Ivanhoe is a census-designated place (CDP) in Sampson County, North Carolina, United States. The population was 198 at the 2020 census.

==History==
The area of Sampson County that contains present-day Ivanhoe was first settled by the Scots in 1739, who travelled northwest through the lower Cape Fear Valley. The Scots stopping in Ivanhoe discovered a cash crop in abundance; the longleaf pine. The local economy soon consisted of tar, charcoal, turpentine, and timber. The Black River served as their connection to the seaport; located first at Brunswick Town and
later Wilmington.

The Beatty-Corbett House, Black River Presbyterian and Ivanhoe Baptist Churches, and Delta Farm were listed on the National Register of Historic Places in 1986.

==Geography==

According to the United States Census Bureau, the CDP has a total area of 5.03 sqmi, of which 5.02 square miles is land and 0.01 square miles is water.

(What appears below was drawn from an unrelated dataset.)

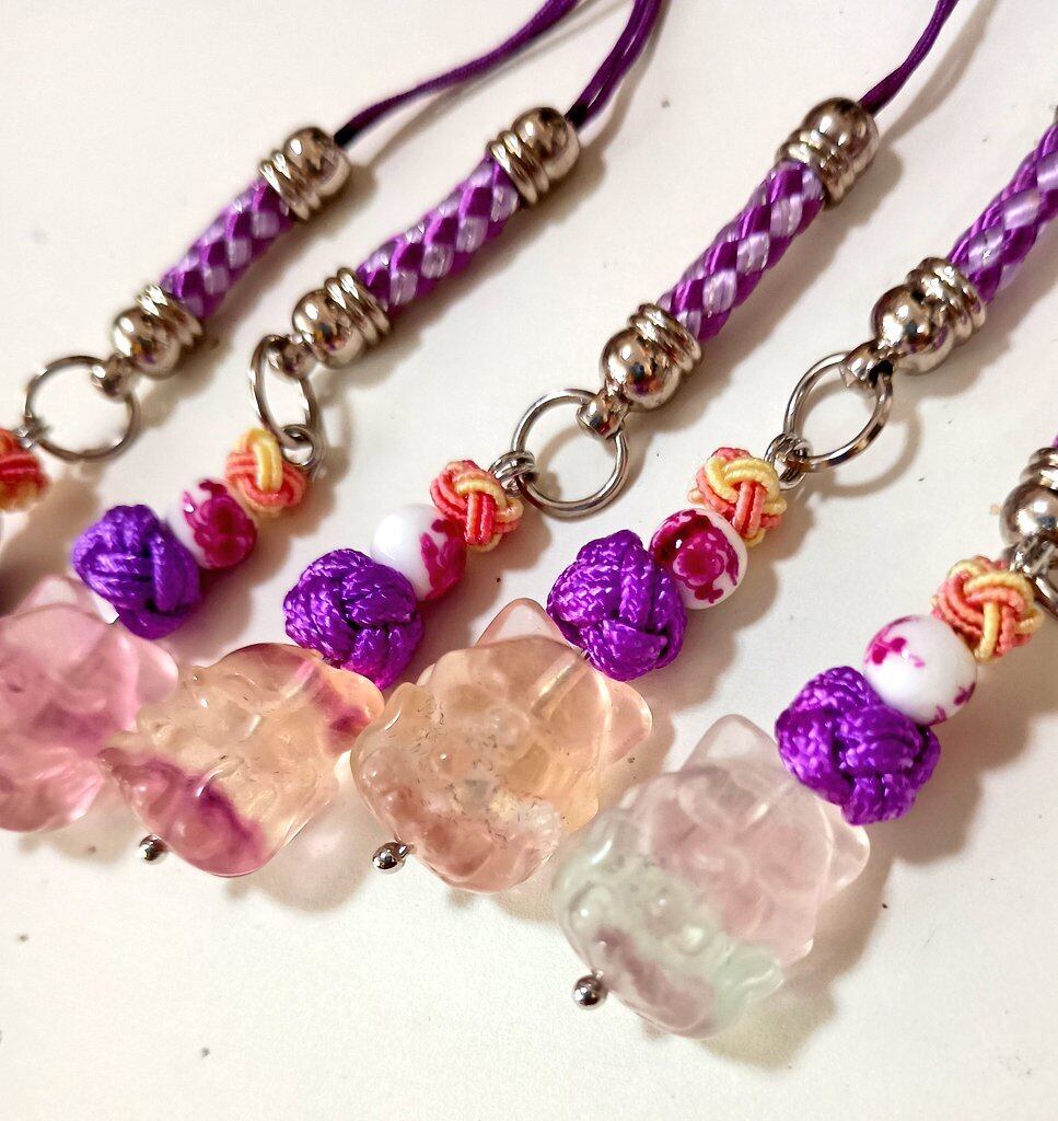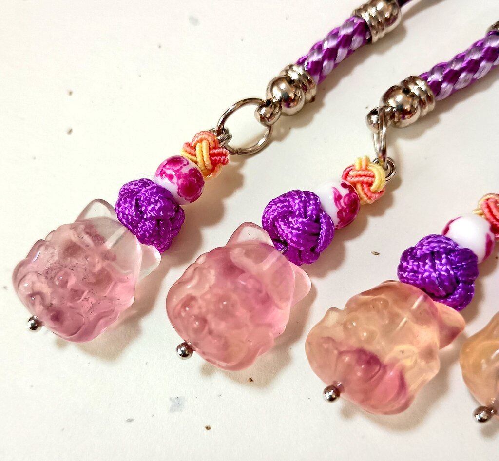 紫系のフローライト(蛍石)でできた九尾の狐を、根付にしました。天然石ですので、色が濃い子、薄い子ありますが、基本的にランダムとなりますのでご了承下さい。

The community is located 29 miles south of Clinton, and 34 miles northwest of Wilmington.

Ivanhoe is within the Franklin Township in Sampson County.

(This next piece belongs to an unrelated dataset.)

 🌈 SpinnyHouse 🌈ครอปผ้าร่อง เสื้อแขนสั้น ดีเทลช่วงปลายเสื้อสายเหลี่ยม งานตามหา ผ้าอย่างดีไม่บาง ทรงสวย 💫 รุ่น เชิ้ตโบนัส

The ZIP Code for Ivanhoe is 28447.

==Demographics==

Historical population
| Census | Pop. | Note | %± |
| 2000 | 311 |  | — |
| 2010 | 264 |  | −15.1% |
| 2020 | 198 |  | −25.0% |
U.S. Decennial Census

=== 2020 census ===

Ivanhoe racial composition
| Race | Number | Percentage |
|---|---|---|
| White (non-Hispanic) | 40 | 20.20% |
| Black or African American (non-Hispanic) | 138 | 69.70% |
| Native American | 1 | 0.51% |
| Asian | 0 | 0.00% |
| Pacific Islander | 0 | 0.00% |
| Other/Mixed | 19 | 9.60% |
| Hispanic or Latino | 23 | 11.62% |

=== 2000 census ===
As of the census of 2000, there were 311 people, 113 households, and 83 families residing in the CDP. The population density was 61.9 /mi2. There were 123 housing units at an average density of 24.5 /mi2. The racial makeup of the CDP was 21.54% White, 70.74% African American, 0.32% Native American, 0.64% Asian, 6.11% from other races, and 0.64% from two or more races. Hispanic or Latino of any race were 8.68% of the population.

There were 113 households, out of which 35.4% had children under the age of 18 living with them, 49.6% were married couples living together, 19.5% had a female householder with no husband present, and 26.5% were non-families. 22.1% of all households were made up of individuals, and 12.4% had someone living alone who was 65 years of age or older. The average household size was 2.61 and the average family size was 3.10.

In the CDP, the population was spread out, with 26.7% under the age of 18, 6.8% from 18 to 24, 30.2% from 25 to 44, 22.5% from 45 to 64, and 13.8% who were 65 years of age or older. The median age was 39 years. For every 100 females, there were 98.1 males. For every 100 females age 18 and over, there were 101.8 males.

The median income for a household in the CDP was $22,500, and the median income for a family was $32,917. Males had a median income of $20,000 versus $18,458 for females. The per capita income for the CDP was $11,305. About 6.8% of families and 6.2% of the population were below the poverty line, including none of those under age 18 and 16.3% of those age 65 or over.